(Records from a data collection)

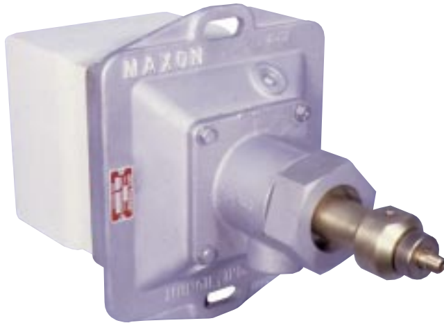
OXY-THERM ® Oil Burner
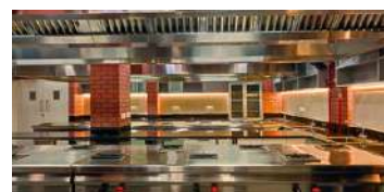
Paakashala Food Innovation Laboratory
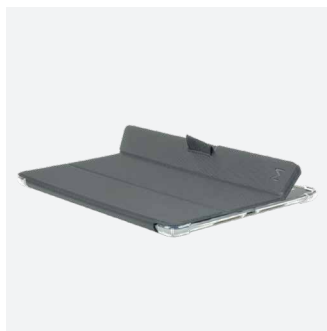
Automatic sleep & wake mode
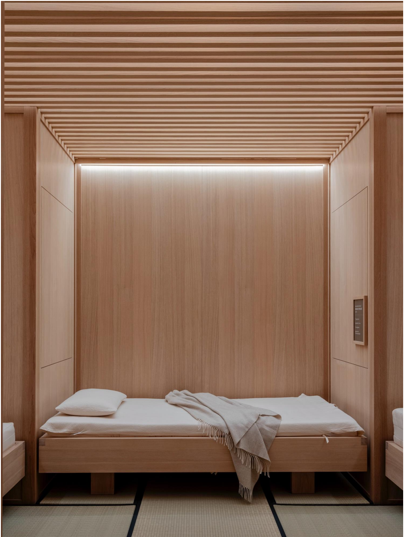
Above: A corner featuring bedding and beds designed in a Japanese style, with Ryokan beds complementing the tatami space.
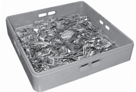
KNIVES, FORKS & SPOONS
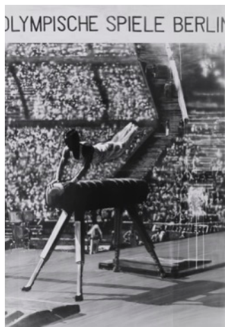
The missing shade 31-1, 2017 gelatin silver print, 194 x 131 cm
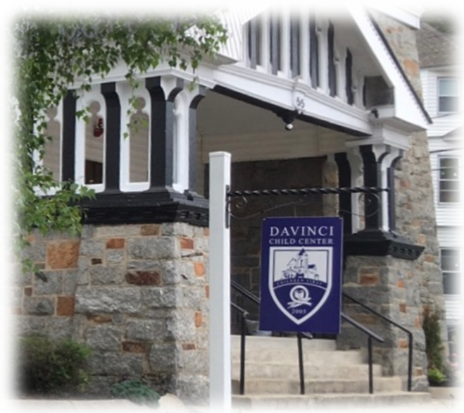
DAVINCI CHILD CENTER, LLC
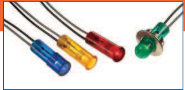
5mm Panel Mount LED Assemblies
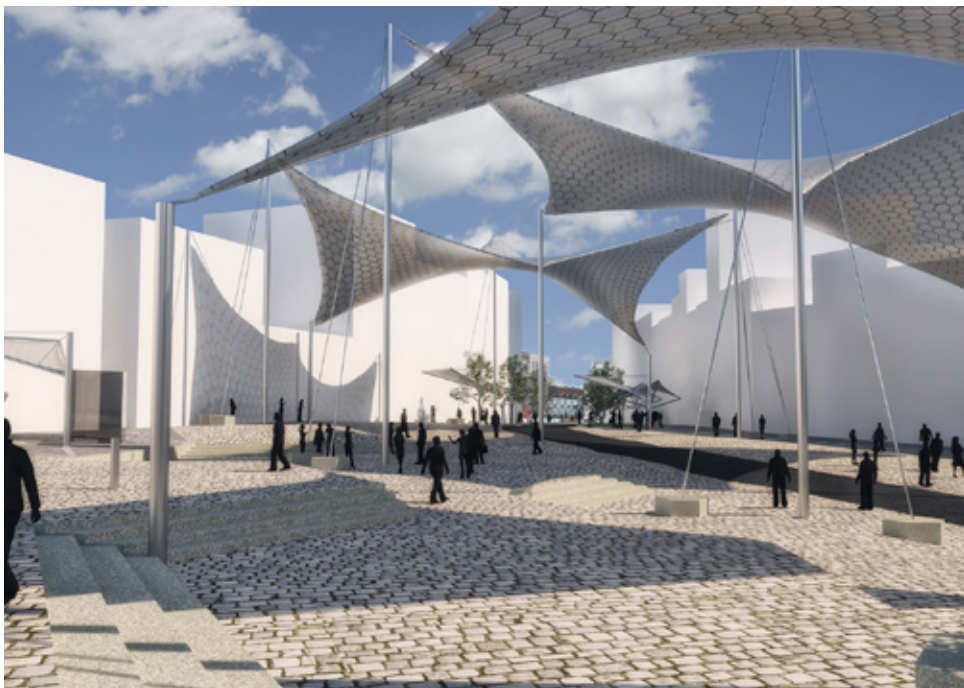
Figure 3 - 3D visualization of the final project
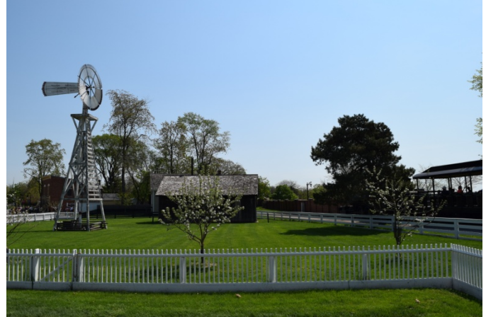
Back of Henry Ford birth home, train on the right

Henry started collecting very early, in the 20s & 30s and has accumulated many original items, no need to make recreations in many cases. There is so much to see they sell a 3-day pass.
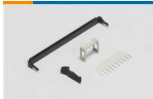
Ribbon Connector Accessories(13)
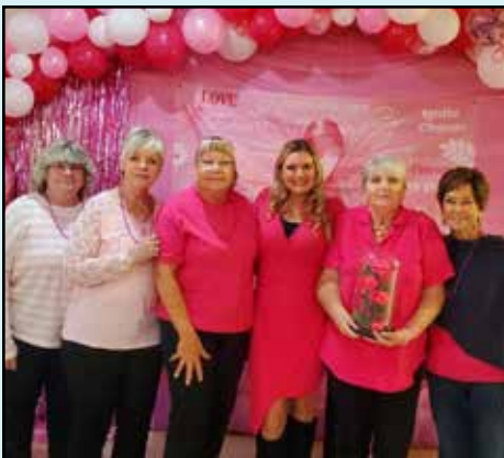
Pink Out at the Horsham VFW to Support Breast Cancer Awareness
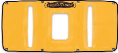
FREIGHTLINER BUSINESS CLASS NBPTH0398-YELLOW
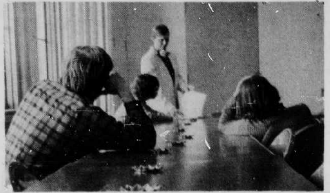
The President de-briefs his cabinet in preparation for his 5:30 State of the University Address. (Table ash-trays optional at minimal handling costs).
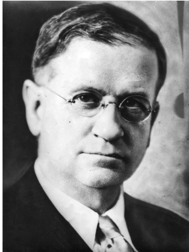
Secretary of Interior Harold Ickes

Wallace essentially made the argument to FDR that the "work of the
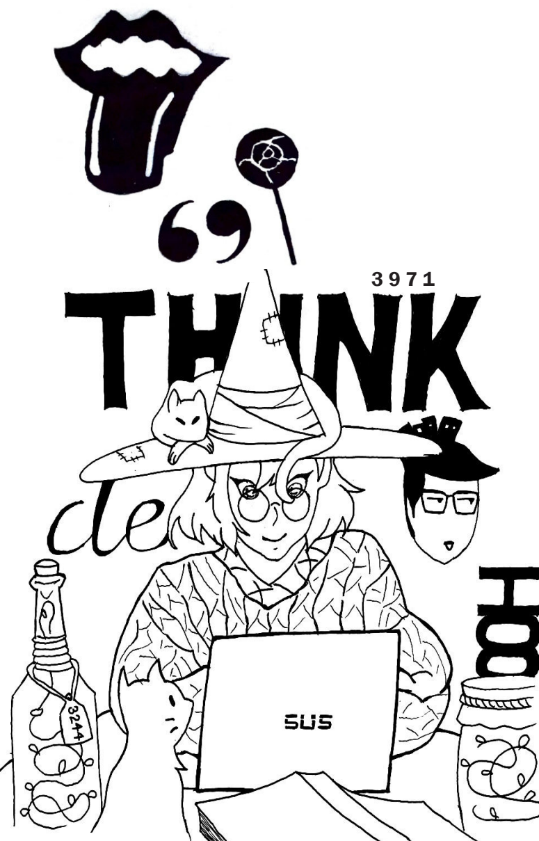
Illustration by: Neelabh Kashyap, Associate Editor (Batch of 2022)

Once upon a first of September, Two editors and I were in the Room. “When’s your birthday?”, they asked. “The first of September.” “Your zodiac?” Their question loomed— “Wait, today is the first of September...” How we must have humoured the walls that day. The walls- they watch and listen. Sheltering secrets and sharing only silence. The windows? That’s for when I bend around post sixty-nine, To peek and see whether the drapes are moving or still. And know if dreamers rest in Lucy’s roost. When the week’s work concludes, And the board’s face is cleaned— Beads of starlight shine at the bend of a switch, And I think, “Are these the memories of the future?” “When I see them shine in a glass bottle. There comes a season once a year, When paint buries itself and births a painting. When a painting is all that remains, And that painter is but a number on the wall. But Lucy knows, And Lucy stays. Watching, loving and listening for all days.
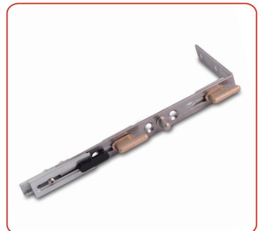
Corner Locking (PAS 024 Solution only)
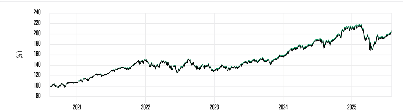
Cumulated Performance at 31.07.2025 (%)

The benchmark indicator is the S&P 500, published in USD by Standard & Poor's. The S&P 500 is an index composed of the 500 largest US companies. The selected stocks represent the highest market capitalisations and cover some 75% of US corporate equities. The index was created by S&P in 1957 and includes the dividends generated by the equities comprising it. Its Bloomberg code is SPTR500N Index.
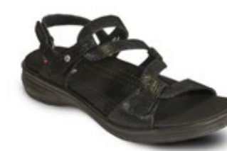
MIAMI Black Lizard $169.95 Also available in Black & Red Croc
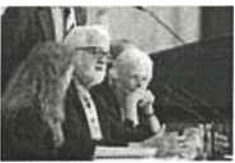
Testing Standards Senate Hill Briefing
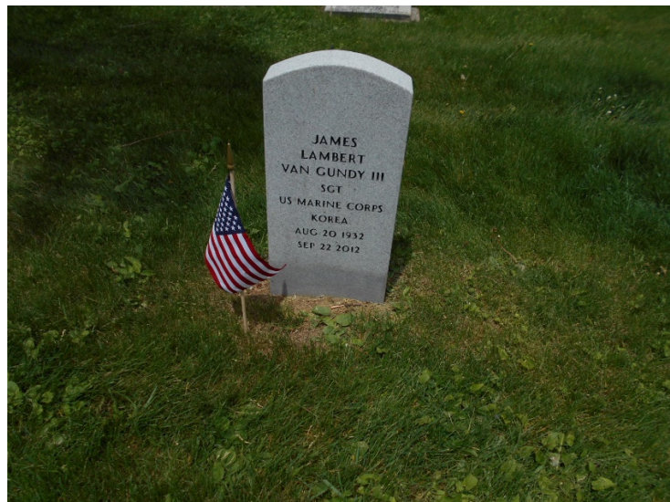
Korean War Veteran.
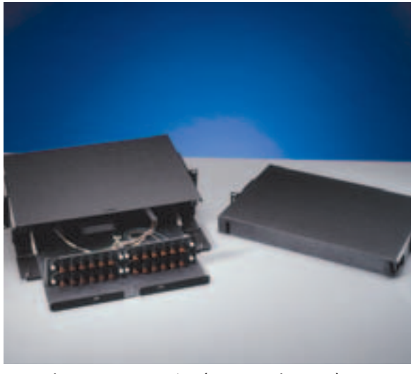
Closet Connector Housings (CCH-02U and CCH-01U) | Photo CPC71
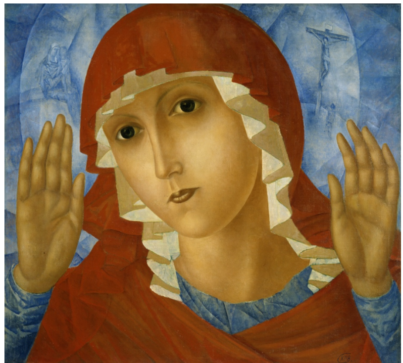
Figure 3 Kuzma Petrov-Bodkin - The Mother of Good Tenderness

Under your protection, we seek refuge, Holy Mother of God. Do not disdain the entreaties of we who are in trial, but deliver us from every danger, O glorious and blessed Virgin. Pope Francis
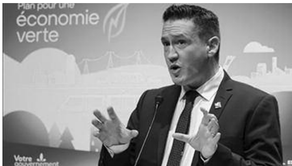
Quebec Environment Minister Benoit Charette, shown here announcing the province's green plan in Nov. 2020, said he wants to get to work on the 25 recommendations made by the anti-racism committee formed by the Quebec government last spring.

"We can't deny that people from minority groups, and Indigenous people, are too often exposed to profiling, to disparities in how they are treated, notably in matters of housing, in matters of employment," said Charette.
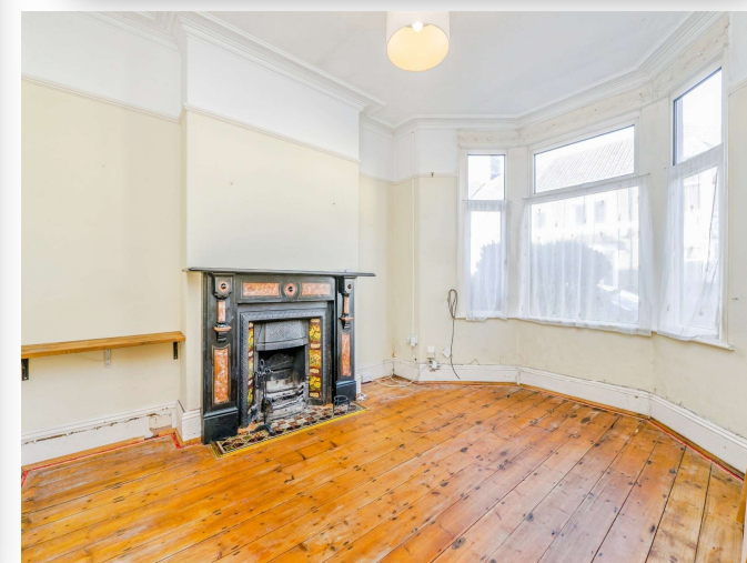
Carlisle Street, Splott Cardiff CF24 2PH
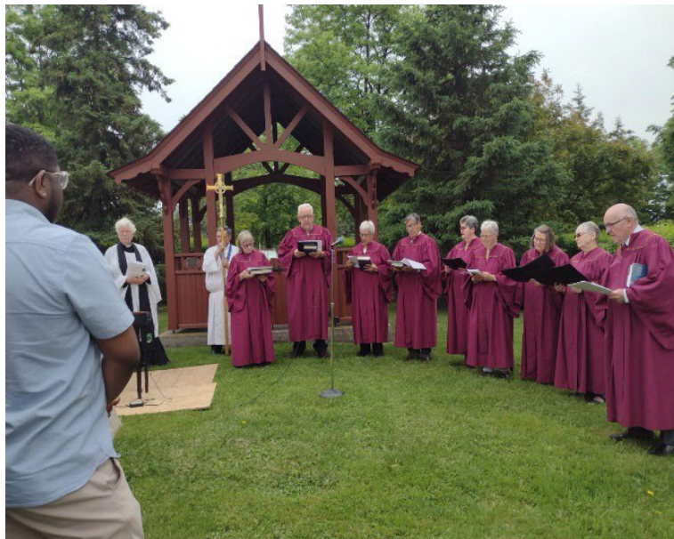
Music for Memorial Day 2025

For this important annual service, we invite families to join us for a remembrance of the souls that have found rest in our hallowed grounds. This is a time to congregate and to reunite with friends and worshipers, present and past. It is a key fund-raiser for the Cemetery Board.
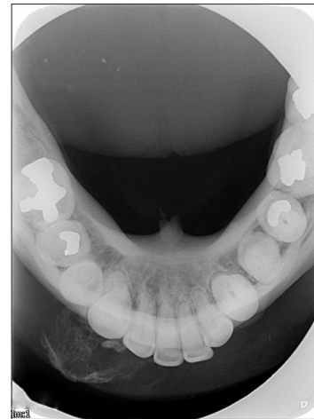
Figure 1: The mixed radiopacity lesion rising from the buccal aspect of the right parasymphiseal region is evident on this mandibular true occlusal radiograph, with an ill-defined periphery

The mandibular true occlusal radiograph [Figure 1] demonstrates a calcified, slightly multilocular appearing lesion arising from the buccal cortex of the mandible in the right parasymphiseal region. The occlusal radiograph demonstrates the area as prominent with a mildly irregular periphery and lies adjacent to the lower right lateral incisor to first premolar. Although this lesion was not readily apparent on the panoramic radiograph, it did serve to help steer the differential diagnoses away from odontological causes [Figure 2]. Although features were not entirely
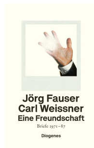
Jörg Fauser Carl Weissner Eine Freundschaft Briefe 1971–87 Diogenes A Friendship 368 pages 2021
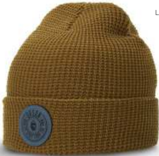
WHEAT Leather Patch
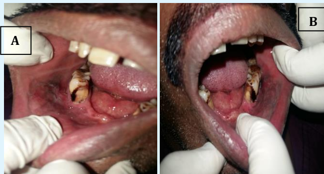
Figures 2A & B: Lichenoid reaction.

On intraoral hard tissue examination revealed presence of grade II mobility in relation to right and left lower posterior region pertaining to reported site. On local examination presence of discrete plaque like lesion bilaterally on labial vestibule & buccal mucosa surrounded by erythematous erosive area, with angular whitish area in centre approximately of 2x 2.5 cm, opposite premolar – molar region and mild melanin pigmentation at periphery. On palpation lesion was non scrappable (Figures 2 A and B ), based on clinical presentation Scar secondary to previously infected area in relation to right preauricular region, submandibular region and bilateral lichenoid reaction.
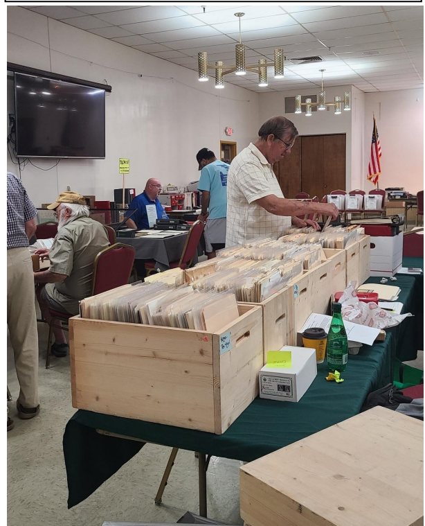
Scenes from the Fall STAMPEX #1
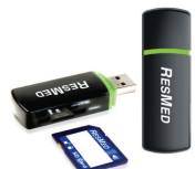
SD card reader 36931 • USB extension cable 7071015
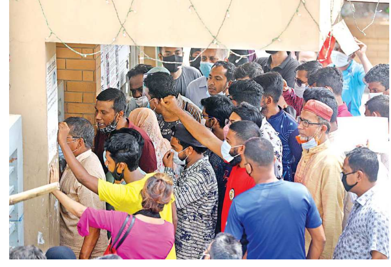
People express their displeasure to the person sitting in a counter at Mugda Medical College Hospital yesterday after being refused for Covid test at 11:00am yesterday. Many of them had waited hours to get tested at the hospital only to be told that sample collection was done for the day.

After losing their job in a garment factory during the lockdown, her two daughters came back home in April last year. "Now we are completely broke."
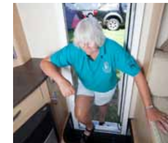
BIG STEP UP The standard-height chassis results in two high steps up to the habitation, which might cause problems for some
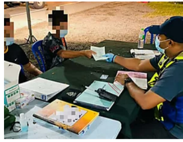
Costly balik kampung trip for two Kelantan-bound express bus passengers |... New Straits Times
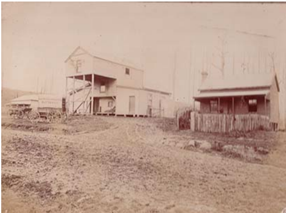
The first Kongwak Butter Factory. Typical house construction of the time.
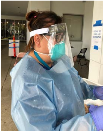
Head gear (Any type)

Wear mask and face shield through multiple patients. Break back tie on fresh gown in order to don over head gear.
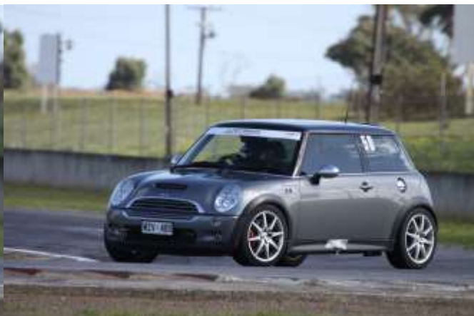
Rob SKINNER - BMW MINI
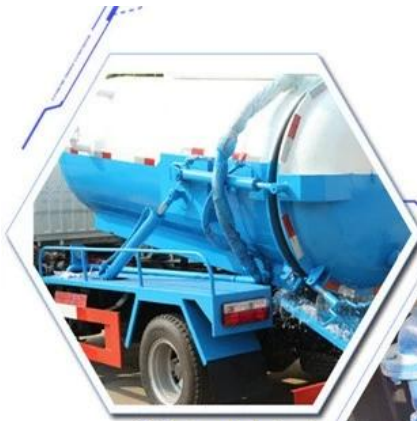
Ⓐ Sewage tank tipping

The sewage suction tank adopts dual-cylinder dumping, and is not afraid of blockage of large dirt. It is more convenient to dump sewage.

**TASK GOAL:**
The expected output is the full data above, reproduced exactly with no images.

**ANSWER FOR THE TASK:**
OXY-THERM ® Oil Burner
Paakashala Food Innovation Laboratory
Automatic sleep & wake mode
Above: A corner featuring bedding and beds designed in a Japanese style, with Ryokan beds complementing the tatami space.
KNIVES, FORKS & SPOONS
The missing shade 31-1, 2017 gelatin silver print, 194 x 131 cm
DAVINCI CHILD CENTER, LLC
5mm Panel Mount LED Assemblies
Figure 3 - 3D visualization of the final project
Back of Henry Ford birth home, train on the right

Henry started collecting very early, in the 20s & 30s and has accumulated many original items, no need to make recreations in many cases. There is so much to see they sell a 3-day pass.
Ribbon Connector Accessories(13)
Pink Out at the Horsham VFW to Support Breast Cancer Awareness
FREIGHTLINER BUSINESS CLASS NBPTH0398-YELLOW
The President de-briefs his cabinet in preparation for his 5:30 State of the University Address. (Table ash-trays optional at minimal handling costs).
Secretary of Interior Harold Ickes

Wallace essentially made the argument to FDR that the "work of the
Illustration by: Neelabh Kashyap, Associate Editor (Batch of 2022)

Once upon a first of September, Two editors and I were in the Room. “When’s your birthday?”, they asked. “The first of September.” “Your zodiac?” Their question loomed— “Wait, today is the first of September...” How we must have humoured the walls that day. The walls- they watch and listen. Sheltering secrets and sharing only silence. The windows? That’s for when I bend around post sixty-nine, To peek and see whether the drapes are moving or still. And know if dreamers rest in Lucy’s roost. When the week’s work concludes, And the board’s face is cleaned— Beads of starlight shine at the bend of a switch, And I think, “Are these the memories of the future?” “When I see them shine in a glass bottle. There comes a season once a year, When paint buries itself and births a painting. When a painting is all that remains, And that painter is but a number on the wall. But Lucy knows, And Lucy stays. Watching, loving and listening for all days.
Corner Locking (PAS 024 Solution only)
Cumulated Performance at 31.07.2025 (%)

The benchmark indicator is the S&P 500, published in USD by Standard & Poor's. The S&P 500 is an index composed of the 500 largest US companies. The selected stocks represent the highest market capitalisations and cover some 75% of US corporate equities. The index was created by S&P in 1957 and includes the dividends generated by the equities comprising it. Its Bloomberg code is SPTR500N Index.
MIAMI Black Lizard $169.95 Also available in Black & Red Croc
Testing Standards Senate Hill Briefing
Korean War Veteran.
Closet Connector Housings (CCH-02U and CCH-01U) | Photo CPC71
Figure 3 Kuzma Petrov-Bodkin - The Mother of Good Tenderness

Under your protection, we seek refuge, Holy Mother of God. Do not disdain the entreaties of we who are in trial, but deliver us from every danger, O glorious and blessed Virgin. Pope Francis
Quebec Environment Minister Benoit Charette, shown here announcing the province's green plan in Nov. 2020, said he wants to get to work on the 25 recommendations made by the anti-racism committee formed by the Quebec government last spring.

"We can't deny that people from minority groups, and Indigenous people, are too often exposed to profiling, to disparities in how they are treated, notably in matters of housing, in matters of employment," said Charette.
Carlisle Street, Splott Cardiff CF24 2PH
Music for Memorial Day 2025

For this important annual service, we invite families to join us for a remembrance of the souls that have found rest in our hallowed grounds. This is a time to congregate and to reunite with friends and worshipers, present and past. It is a key fund-raiser for the Cemetery Board.
Figure 1: The mixed radiopacity lesion rising from the buccal aspect of the right parasymphiseal region is evident on this mandibular true occlusal radiograph, with an ill-defined periphery

The mandibular true occlusal radiograph [Figure 1] demonstrates a calcified, slightly multilocular appearing lesion arising from the buccal cortex of the mandible in the right parasymphiseal region. The occlusal radiograph demonstrates the area as prominent with a mildly irregular periphery and lies adjacent to the lower right lateral incisor to first premolar. Although this lesion was not readily apparent on the panoramic radiograph, it did serve to help steer the differential diagnoses away from odontological causes [Figure 2]. Although features were not entirely
Jörg Fauser Carl Weissner Eine Freundschaft Briefe 1971–87 Diogenes A Friendship 368 pages 2021
WHEAT Leather Patch
Figures 2A & B: Lichenoid reaction.

On intraoral hard tissue examination revealed presence of grade II mobility in relation to right and left lower posterior region pertaining to reported site. On local examination presence of discrete plaque like lesion bilaterally on labial vestibule & buccal mucosa surrounded by erythematous erosive area, with angular whitish area in centre approximately of 2x 2.5 cm, opposite premolar – molar region and mild melanin pigmentation at periphery. On palpation lesion was non scrappable (Figures 2 A and B ), based on clinical presentation Scar secondary to previously infected area in relation to right preauricular region, submandibular region and bilateral lichenoid reaction.
Scenes from the Fall STAMPEX #1
SD card reader 36931 • USB extension cable 7071015
People express their displeasure to the person sitting in a counter at Mugda Medical College Hospital yesterday after being refused for Covid test at 11:00am yesterday. Many of them had waited hours to get tested at the hospital only to be told that sample collection was done for the day.

After losing their job in a garment factory during the lockdown, her two daughters came back home in April last year. "Now we are completely broke."
BIG STEP UP The standard-height chassis results in two high steps up to the habitation, which might cause problems for some
Costly balik kampung trip for two Kelantan-bound express bus passengers |... New Straits Times
The first Kongwak Butter Factory. Typical house construction of the time.
Head gear (Any type)

Wear mask and face shield through multiple patients. Break back tie on fresh gown in order to don over head gear.
Rob SKINNER - BMW MINI
Ⓐ Sewage tank tipping

The sewage suction tank adopts dual-cylinder dumping, and is not afraid of blockage of large dirt. It is more convenient to dump sewage.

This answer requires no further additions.